# [Problem description]
Restate the entries word for word and skip every image.

"""

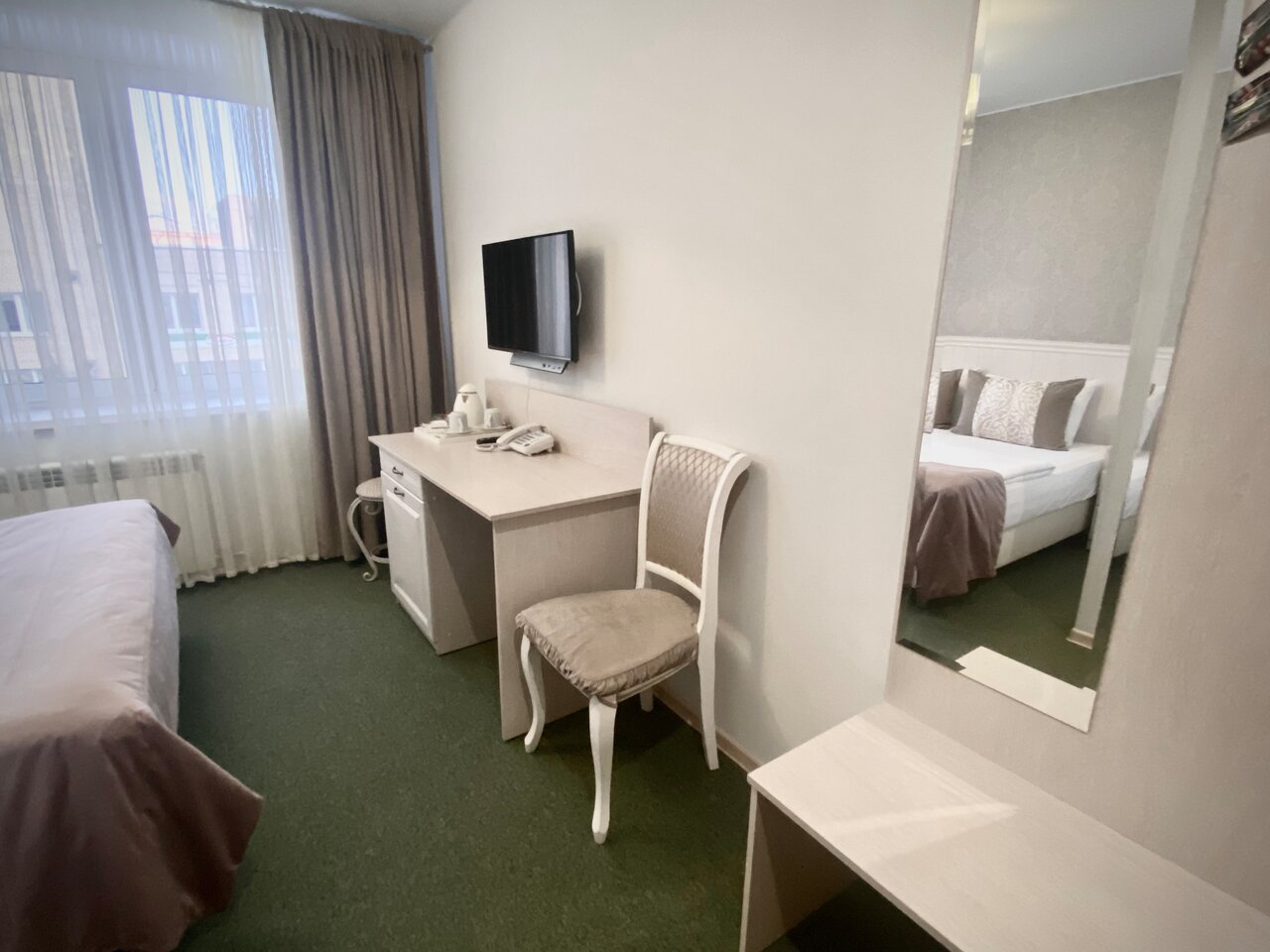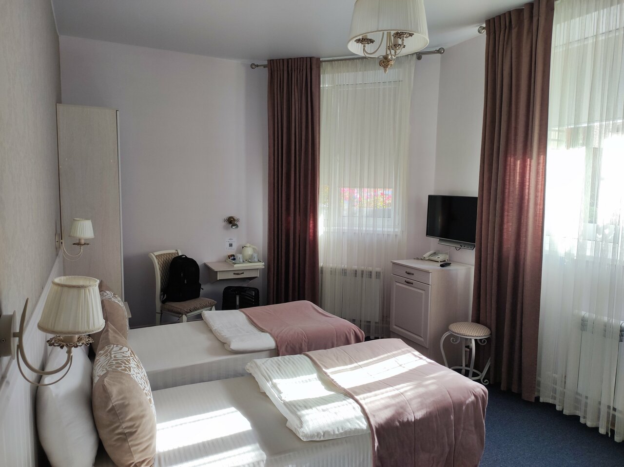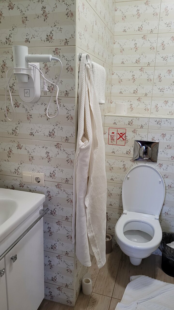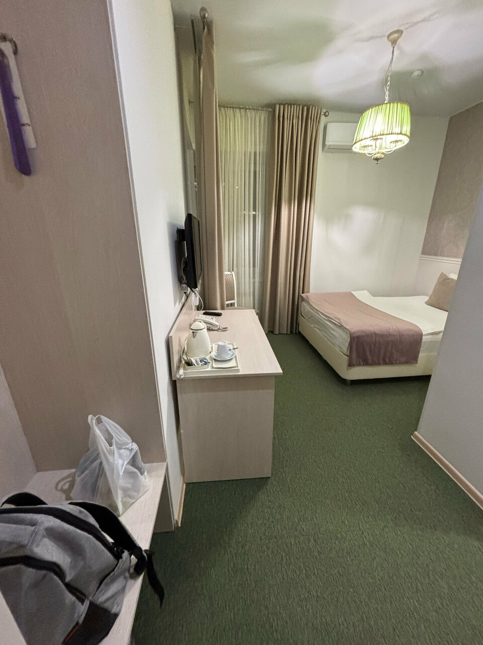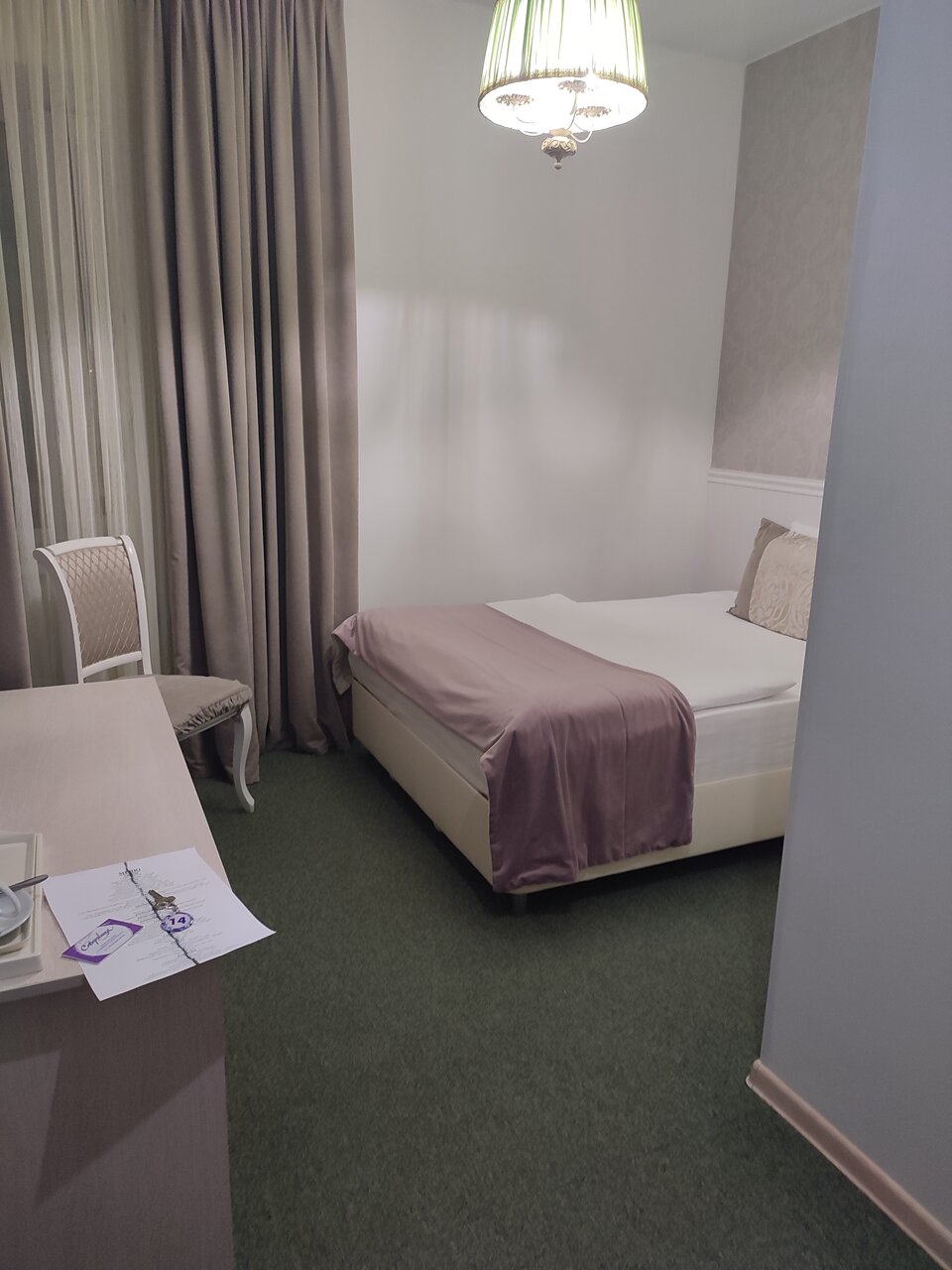 В гостинице чисто, в номере уютно. Все новое. Персонал вежливый, отзывчивый. Брала ужин, вкусно, как дома почти. Единственное, что меня смутило — это теплая вода в душе и слабый напор, но это на вкус и цвет, т.к. я люблю горячую.
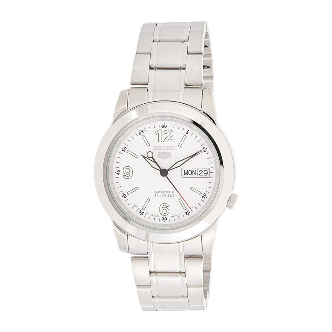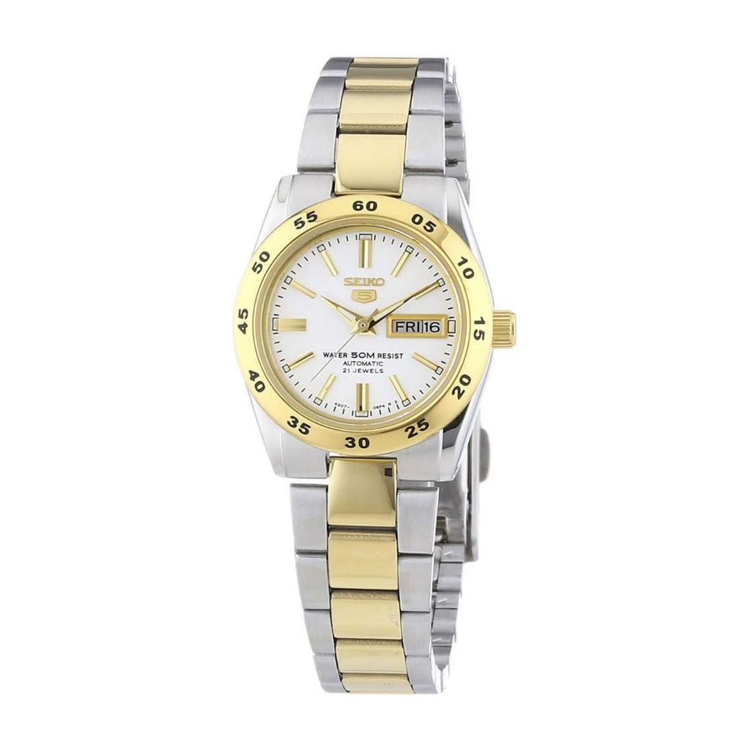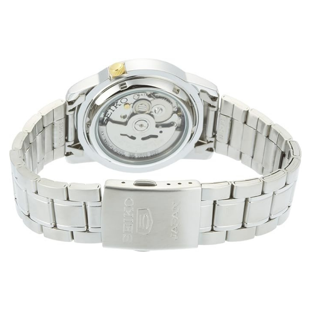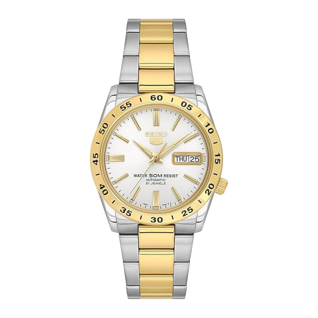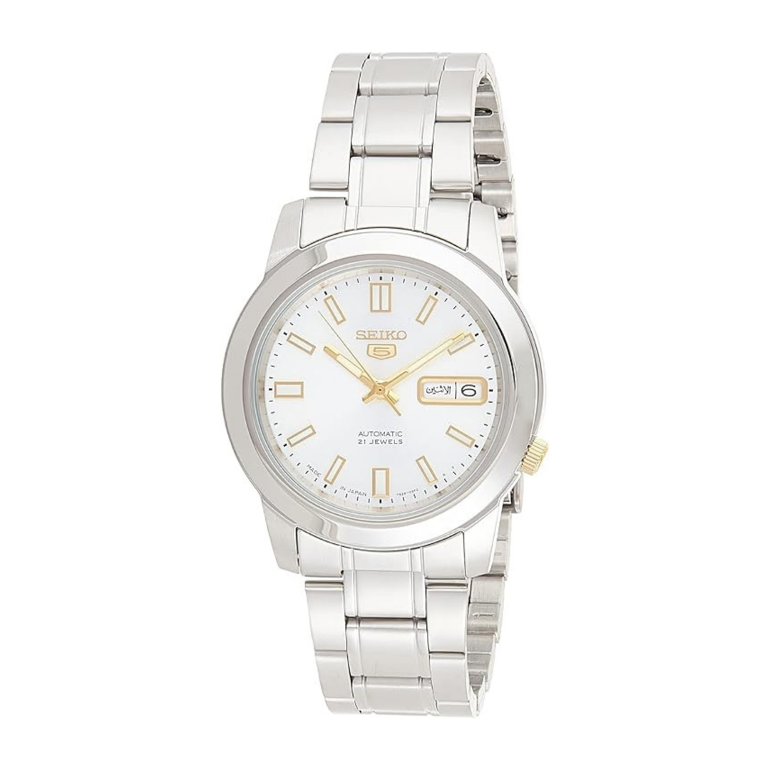 seiko 5 White Dial Automatic analog stainless steel watch for Men SNKM92J, bicolor, bracelet
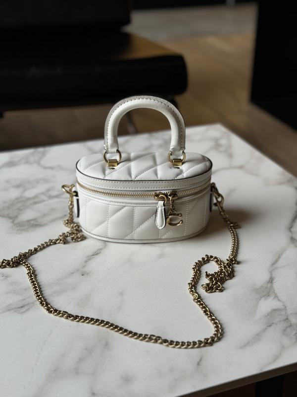 Арт: 99715 3100 грн ⏺ Розмір: 17 х 9 х 9 см ⏺ Матеріал: Шкіра ⏺ Опис: Сумка виготовлена з гладкої шкіри, з простроченням. Всередині одне невеличке відділення. Підкладка у сумки з гладкої шкіри. Зачиняється відділення на застібці. Якісна металева фурнітура з усіма брендовими написами. Є коротша ручка для носіння у руці та більш довгий ланцюжок з фіксованою довжиною - для носіння через плече. Комплектується у фірмовій коробці та пильовику.
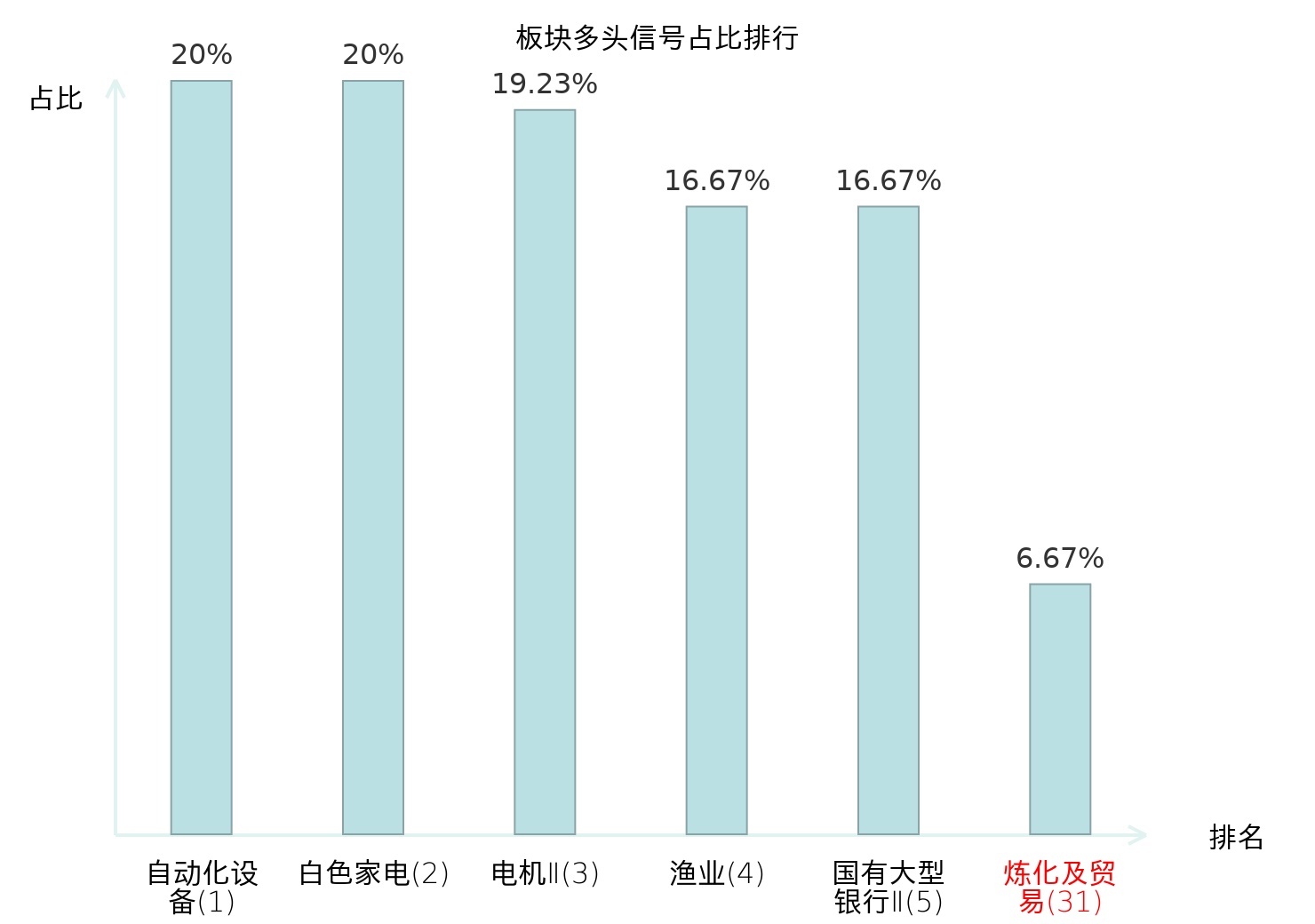 全市场所有行业板块中主力多头信号占比排名中,自动化设备板块位居第一。渔业板块名次提升最快,较昨日上升118位。
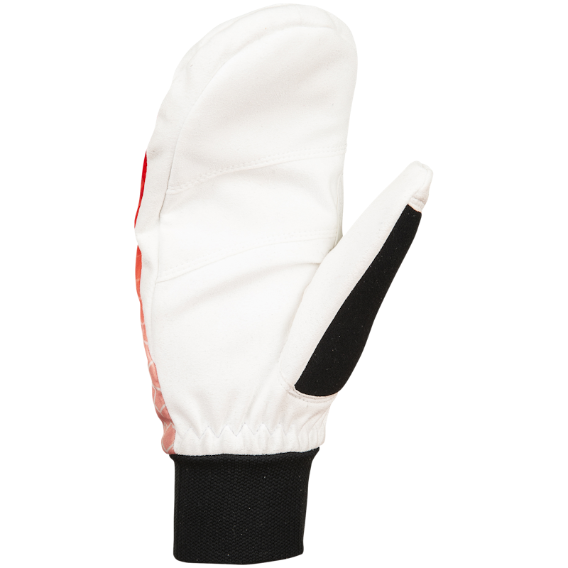 "Mitten Race Warm Wmn is a warm mitten designed for high-intensity exercise at cold temperatures. This mitten is suitable for women's hands. A lightweight mitten with wind- and water-repellent 3-layer soft shell on the back of the glove. The top side of the mitten is padded with Thindown Flex, down produced in fabric format in Italy, which provides excellent insulation. They are lightweight and can be washed on a normal program without the down clumping. Brushed material on the inside provides comfort and extra warmth. The synthetic leather in the palm of the mitten is specially developed for gloves and is as breathable as leather. An elastic ribbed cuff with elastic seams makes the mittens easy to put on, even when they are damp. Minimal seams prevent unpleasant chafing. Nose wipe made from cozy fleece material. The ergonomic shape makes this the ideal mitten for anyone looking for that little bit extra. This is one of the top designs in a completely new generation of mittens from Dæhlie, developed to give skiers the best start to their ski session, whether involved in training or competition."
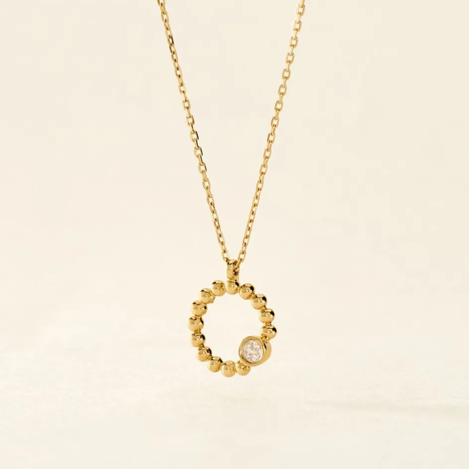 Collier Or Jaune 375/1000 Pastille Sur Cercle Effet Perle Pavage Diamants 0.015cts Maille Forcat 42+2cm
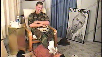Taylor is in his Marine fatigues, boots & dirty, white sweat sox, has slave lick the soles of the boots, worship and serve the socks then do bare foot action. Taylor mocks him as he has to serve the boots, socks and bare feet. He teases and teases, humiliating the slave at his feet. Slave removes boots as he laughs about the scene, making many cocky comments while slave sniffs his sweaty sox. Solid foot/fac....... (click video link to see full description)
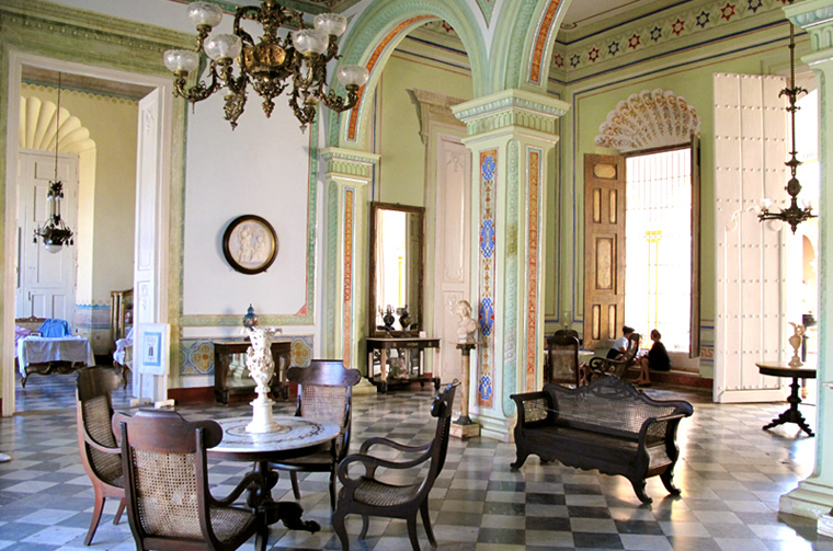 The museum offer a view of the developments from Cuban pre Columbian past. This building was originally two houses in the 18th century, both owned by the sugar barons of the Sanchez Iznaga family, two houses joined in the 19th century show the typical grilled and shuttered windows, feature an elegant portico with slim columns and a delicate wrought iron balustrade.
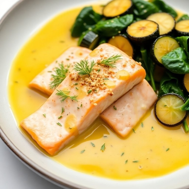 Ein köstliches Gericht mit zartem Lachsfilet in einer aromatischen Orangen-Senf-Soße, verfeinert mit frischem Dill und Dukkah. Perfekt für ein besonderes Abendessen.
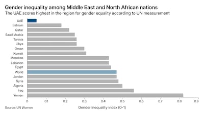 The UAE has been ranked highest in the Arab region for gender equality, in the UN's Gender Inequality Index (GII).
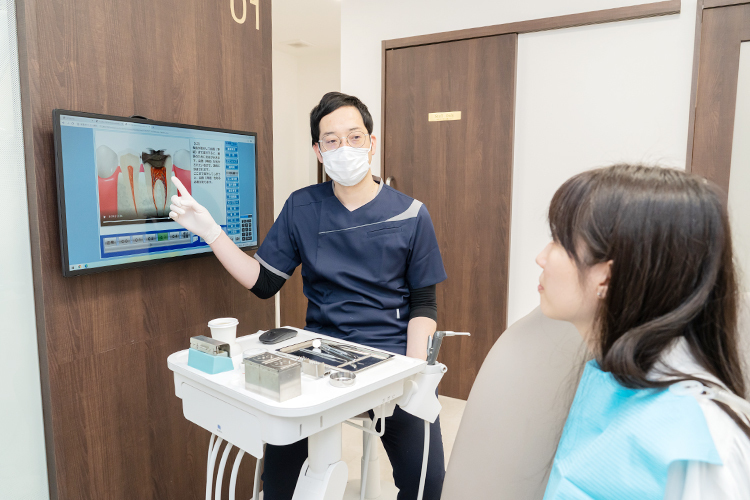 【可徳院長】患者さんとよくコミュニケーションを取って、ご納得いただいてから治療に入るというプロセスを大切にしており、特に初診の方の場合1時間はかけるようにしています。もちろん痛みがある方は治療を優先しますが。そして、患者さんが治療内容を理解しやすいよう、動画を使って説明をしています。
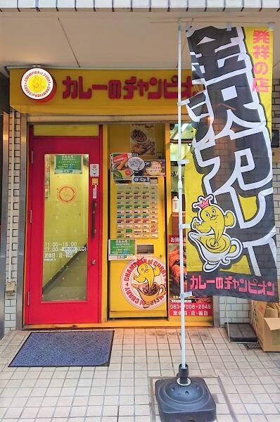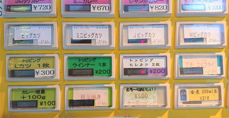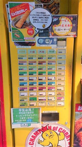 これぞ、まさしく嘘から出たまこと。カレーと駄菓子がどんなケミストリーを起こすのか、そもそも美味しいのか、期待と不安を抱きながら、小雨がぱらつく中、お店に向かいました。到着すると、お店の前には金沢カレーのノボリがはためき、入口付近にある食券販売機の上部には「ビッグカツカレー」(650円/税込)のチラシが貼られていました。
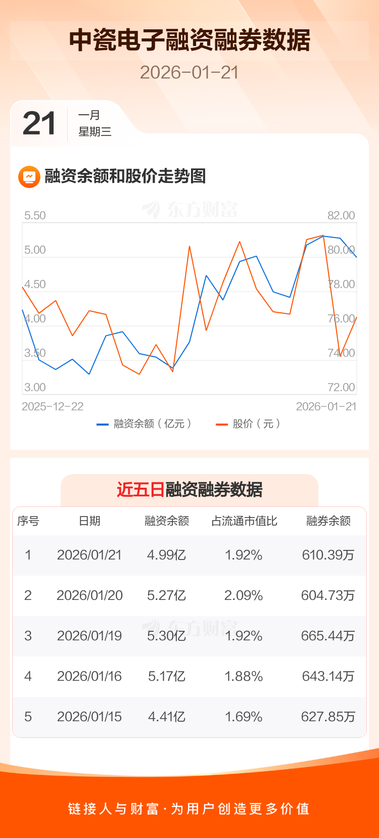 交易所最新数据显示,中瓷电子于2026年1月21日获融资买入4374.13万元,融资偿还7234.61万元,当日融资净偿还2860.48万元。目前,该股融资余额4.99亿,占流通市值比例为1.92%。

"""

# [Result]
 В гостинице чисто, в номере уютно. Все новое. Персонал вежливый, отзывчивый. Брала ужин, вкусно, как дома почти. Единственное, что меня смутило — это теплая вода в душе и слабый напор, но это на вкус и цвет, т.к. я люблю горячую.
 seiko 5 White Dial Automatic analog stainless steel watch for Men SNKM92J, bicolor, bracelet
 Арт: 99715 3100 грн ⏺ Розмір: 17 х 9 х 9 см ⏺ Матеріал: Шкіра ⏺ Опис: Сумка виготовлена з гладкої шкіри, з простроченням. Всередині одне невеличке відділення. Підкладка у сумки з гладкої шкіри. Зачиняється відділення на застібці. Якісна металева фурнітура з усіма брендовими написами. Є коротша ручка для носіння у руці та більш довгий ланцюжок з фіксованою довжиною - для носіння через плече. Комплектується у фірмовій коробці та пильовику.
 全市场所有行业板块中主力多头信号占比排名中,自动化设备板块位居第一。渔业板块名次提升最快,较昨日上升118位。
 "Mitten Race Warm Wmn is a warm mitten designed for high-intensity exercise at cold temperatures. This mitten is suitable for women's hands. A lightweight mitten with wind- and water-repellent 3-layer soft shell on the back of the glove. The top side of the mitten is padded with Thindown Flex, down produced in fabric format in Italy, which provides excellent insulation. They are lightweight and can be washed on a normal program without the down clumping. Brushed material on the inside provides comfort and extra warmth. The synthetic leather in the palm of the mitten is specially developed for gloves and is as breathable as leather. An elastic ribbed cuff with elastic seams makes the mittens easy to put on, even when they are damp. Minimal seams prevent unpleasant chafing. Nose wipe made from cozy fleece material. The ergonomic shape makes this the ideal mitten for anyone looking for that little bit extra. This is one of the top designs in a completely new generation of mittens from Dæhlie, developed to give skiers the best start to their ski session, whether involved in training or competition."
 Collier Or Jaune 375/1000 Pastille Sur Cercle Effet Perle Pavage Diamants 0.015cts Maille Forcat 42+2cm
Taylor is in his Marine fatigues, boots & dirty, white sweat sox, has slave lick the soles of the boots, worship and serve the socks then do bare foot action. Taylor mocks him as he has to serve the boots, socks and bare feet. He teases and teases, humiliating the slave at his feet. Slave removes boots as he laughs about the scene, making many cocky comments while slave sniffs his sweaty sox. Solid foot/fac....... (click video link to see full description)
 The museum offer a view of the developments from Cuban pre Columbian past. This building was originally two houses in the 18th century, both owned by the sugar barons of the Sanchez Iznaga family, two houses joined in the 19th century show the typical grilled and shuttered windows, feature an elegant portico with slim columns and a delicate wrought iron balustrade.
 Ein köstliches Gericht mit zartem Lachsfilet in einer aromatischen Orangen-Senf-Soße, verfeinert mit frischem Dill und Dukkah. Perfekt für ein besonderes Abendessen.
 The UAE has been ranked highest in the Arab region for gender equality, in the UN's Gender Inequality Index (GII).
 【可徳院長】患者さんとよくコミュニケーションを取って、ご納得いただいてから治療に入るというプロセスを大切にしており、特に初診の方の場合1時間はかけるようにしています。もちろん痛みがある方は治療を優先しますが。そして、患者さんが治療内容を理解しやすいよう、動画を使って説明をしています。
 これぞ、まさしく嘘から出たまこと。カレーと駄菓子がどんなケミストリーを起こすのか、そもそも美味しいのか、期待と不安を抱きながら、小雨がぱらつく中、お店に向かいました。到着すると、お店の前には金沢カレーのノボリがはためき、入口付近にある食券販売機の上部には「ビッグカツカレー」(650円/税込)のチラシが貼られていました。
 交易所最新数据显示,中瓷电子于2026年1月21日获融资买入4374.13万元,融资偿还7234.61万元,当日融资净偿还2860.48万元。目前,该股融资余额4.99亿,占流通市值比例为1.92%。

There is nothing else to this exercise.